This work is partly supported by The National Key Research and Development Program of China (No.2018YFB1004900) and 111 Project (No.B13022).

Author information

Authors and Affiliations

Authors

Corresponding author

Correspondence to Jianfeng Lu.

Ethics declarations

Conflict of interest

The authors declare that they have no conflict of interest.

Additional information

Publisher's Note

Springer Nature remains neutral with regard to jurisdictional claims in published maps and institutional affiliations.

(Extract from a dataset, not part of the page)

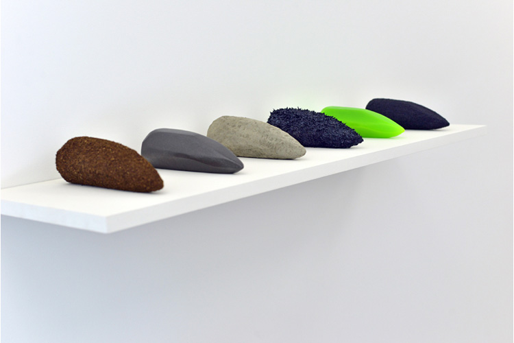 Terre, béton, peinture, silicone, paraffine, sable noir, 7 x 104 x 27 cm

Appendix A Proof of Theorem 3

Appendix A Proof of Theorem 3

Proof

In view of the fact that \(({{\mathbf{x}}^{*}},{\widetilde{\mathbf{H}}}^{*} ,{\mathbf{T}}^{*},{{\mathbf{Z}}}^{*})\) is a saddle point of L, we have \(L({{\mathbf{x}}^{*}},{\widetilde{\mathbf{H}}}^{*},{\mathbf{T}}^{*},{{\mathbf{Z}}}^{*}) \le L({{\mathbf{x}}_{k+1}},{\widetilde{\mathbf{H}}}_{k+1} ,{\mathbf{T}}_{k+1},{{\mathbf{Z}}}^{*})\), with \({{D}}({{\mathbf{x}}^{*}})-{\widetilde{\mathbf{H}}}^{*} - {\mathbf{T}}^{*} = 0\), and it can be rewritten as follows:

$$\begin{aligned} f^{*} - f_{k+1} \le \text {Tr}(({{\mathbf{Z}}}^{*})^{T}{\mathbf{R}}_{k+1}). \end{aligned}$$
(26)

For the sake of derivation, the augmented Lagrangian function of Eq. (5) can be reformulated as \({L_\mu }({\mathbf{x}},{\widetilde{\mathbf{H}}} ,{\mathbf{T}},{{\mathbf{Z}}})= {\Vert {\mathbf{T}} \Vert _F^2} + \lambda {\Vert {\mathbf{H}} - {\widetilde{\mathbf{H}}} \Vert _{*}} +\frac{\beta }{2} \left\| {\mathbf{x}} \right\| _2^{2} +\frac{\mu }{2} \Vert {{D}({\mathbf{x}})-{\widetilde{\mathbf{H}}}} - {\mathbf{T}} +\frac{1}{\mu } {{\mathbf{Z}}}\Vert _F^2-\frac{1 }{2\mu }\Vert {{\mathbf{Z}}}\Vert _F^2\).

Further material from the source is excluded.